When you write out the listing below, keep each word exactly as it stands and drop the pictures.

-----

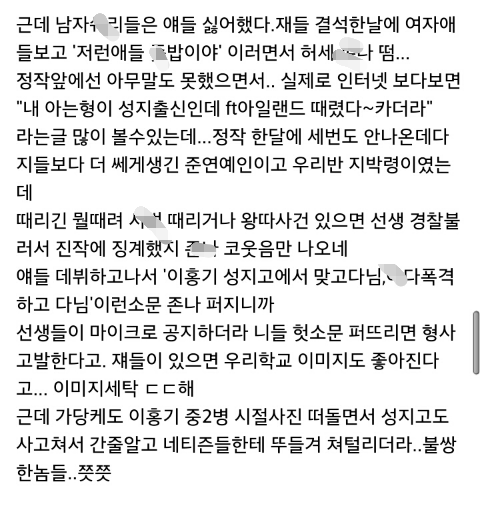 성지고가 문제있는 학생들이 많은건 알아요.
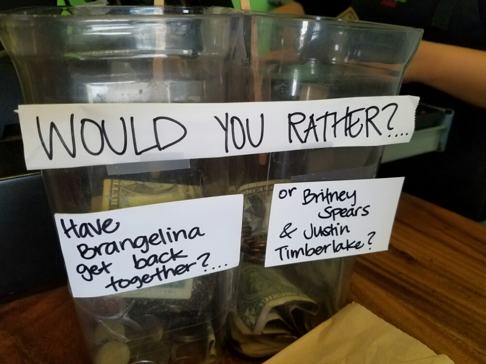 We decided to do a quick stop at the coffee factory we visited earlier in the trip for an afternoon pick-me-up before hitting traffic into Waikiki.  I had to take a picture of the tip jar sign. Clever way to get people to leave their change behind! And, no, I will not say which jar I chose.  As we were leaving we were blessed with a rainbow. A wonderful reminder that the sun always comes out, no matter how long or hard the rain.
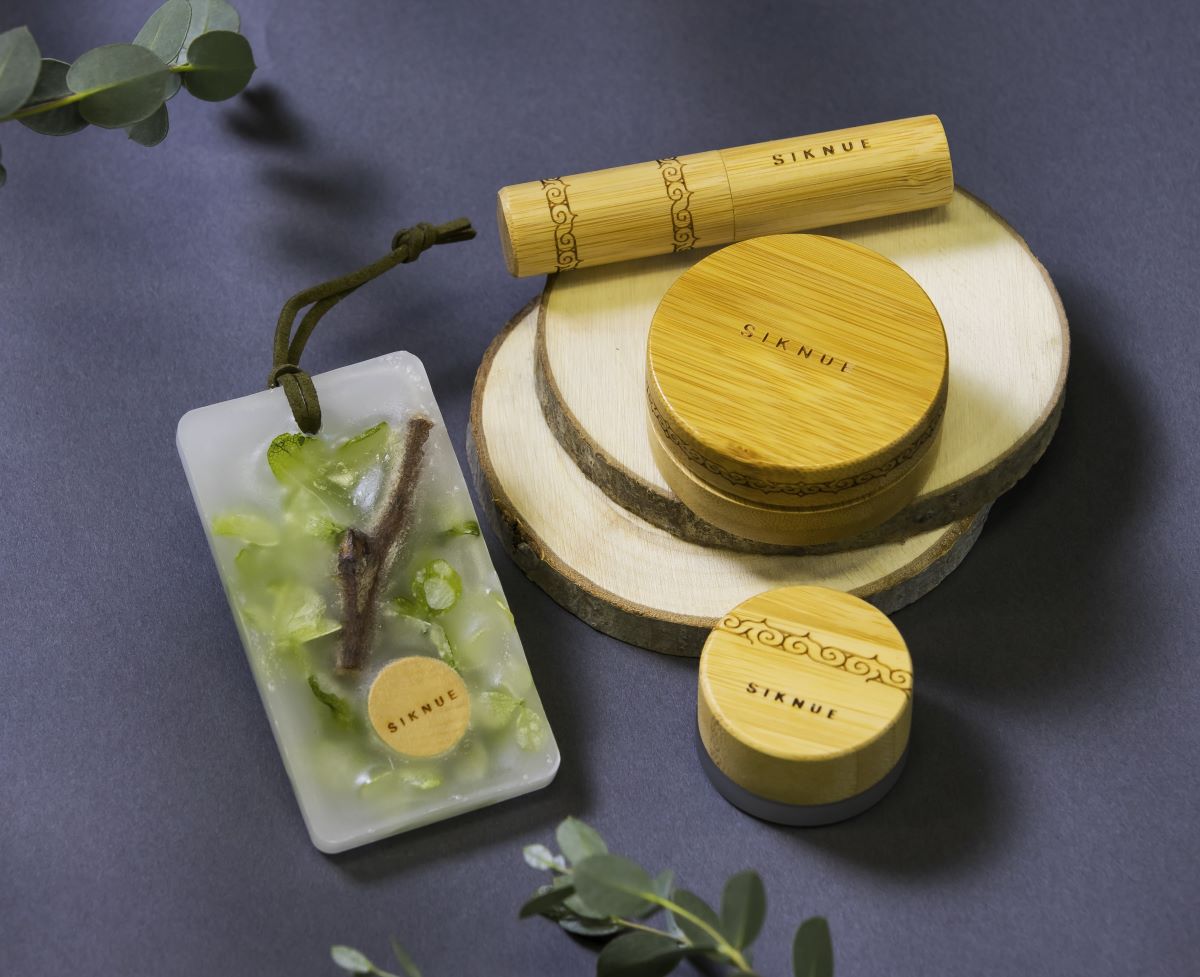 SIKNUE(シクヌ)は北海道の大自然に育まれアイヌ民族にも親しみのあるヨモギ、熊笹、鮭のコラーゲン、スズランなどをシンボル成分としています。
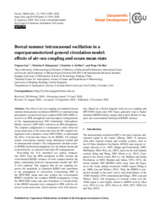 Gao, Y., Klingaman, N. P. ORCID: https://orcid.org/0000-0002-2927-9303, DeMott, C. A. and Hsu, P.-C. (2020) Boreal summer intraseasonal oscillation in a superparameterized general circulation model: effects of air–sea coupling and ocean mean state. Geoscientific Model Development, 13 (11). pp. 5191-5209. ISSN 1991-9603 doi: 10.5194/gmd-13-5191-2020
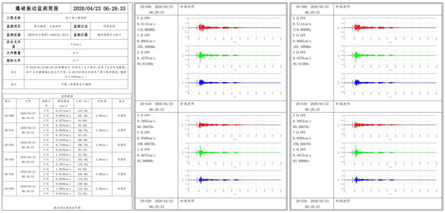 3.监测报告:报告按可分为测点报告和爆次报告,根据项目需要来编制报告,监测单位应对整个项目监测质量负责。监测报告内容应包括监测时间、地点、参与人员、目的和方法、监测点布置、监测仪器和系统的标定结果、监测指标、钻爆参数、实测波形图和监测数据等。当监测数据超过相应的控制标准时,应在规定时间内报告相关部门;竣工报告封面应加盖 CMA 编号章。
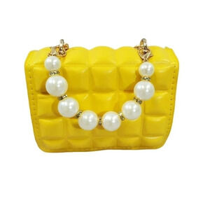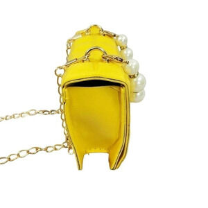 Yellow Golden Mini Clutch Handbag Purse. Pearls and Sparkles
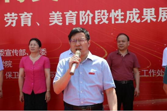 陆伟锋在致辞时表示,学校深入贯彻落实习近平总书记关于劳动和美育的重要指示精神,提倡以美育人、以文化人,近年来先后出台《南昌工程学院劳动教育实施方案》《南昌工程学院美育教育实施方案》,全力构建“五育并举”教育体系,全面提高学生审美和人文素养,塑造学子尊重劳动、热爱劳动、崇尚劳动的品质,做到以劳育美、以艺铸德。广大青年学子决不能局限于专业知识和技能,要培育高远的精神追求,高尚的人格修养,广阔的胸襟,丰富的文学、艺术、哲学、历史的学养。希望广大教师和学生进一步推进劳动教育、美育教育与人才培养有机结合,用脚步丈量祖国大地,发现中国精神,倾听人民呼声,感应时代脉搏,把对党和国家血浓于水、与人民同呼吸共命运的情感贯穿学业全过程、融汇在事业追求中,全面落实学校第三次党代会提出的目标任务,以优异成绩迎接党的二十大胜利召开。

-----

WRITTEN ANSWER -
 성지고가 문제있는 학생들이 많은건 알아요.
 We decided to do a quick stop at the coffee factory we visited earlier in the trip for an afternoon pick-me-up before hitting traffic into Waikiki.  I had to take a picture of the tip jar sign. Clever way to get people to leave their change behind! And, no, I will not say which jar I chose.  As we were leaving we were blessed with a rainbow. A wonderful reminder that the sun always comes out, no matter how long or hard the rain.
 SIKNUE(シクヌ)は北海道の大自然に育まれアイヌ民族にも親しみのあるヨモギ、熊笹、鮭のコラーゲン、スズランなどをシンボル成分としています。
 Gao, Y., Klingaman, N. P. ORCID: https://orcid.org/0000-0002-2927-9303, DeMott, C. A. and Hsu, P.-C. (2020) Boreal summer intraseasonal oscillation in a superparameterized general circulation model: effects of air–sea coupling and ocean mean state. Geoscientific Model Development, 13 (11). pp. 5191-5209. ISSN 1991-9603 doi: 10.5194/gmd-13-5191-2020
 3.监测报告:报告按可分为测点报告和爆次报告,根据项目需要来编制报告,监测单位应对整个项目监测质量负责。监测报告内容应包括监测时间、地点、参与人员、目的和方法、监测点布置、监测仪器和系统的标定结果、监测指标、钻爆参数、实测波形图和监测数据等。当监测数据超过相应的控制标准时,应在规定时间内报告相关部门;竣工报告封面应加盖 CMA 编号章。
 Yellow Golden Mini Clutch Handbag Purse. Pearls and Sparkles
 陆伟锋在致辞时表示,学校深入贯彻落实习近平总书记关于劳动和美育的重要指示精神,提倡以美育人、以文化人,近年来先后出台《南昌工程学院劳动教育实施方案》《南昌工程学院美育教育实施方案》,全力构建“五育并举”教育体系,全面提高学生审美和人文素养,塑造学子尊重劳动、热爱劳动、崇尚劳动的品质,做到以劳育美、以艺铸德。广大青年学子决不能局限于专业知识和技能,要培育高远的精神追求,高尚的人格修养,广阔的胸襟,丰富的文学、艺术、哲学、历史的学养。希望广大教师和学生进一步推进劳动教育、美育教育与人才培养有机结合,用脚步丈量祖国大地,发现中国精神,倾听人民呼声,感应时代脉搏,把对党和国家血浓于水、与人民同呼吸共命运的情感贯穿学业全过程、融汇在事业追求中,全面落实学校第三次党代会提出的目标任务,以优异成绩迎接党的二十大胜利召开。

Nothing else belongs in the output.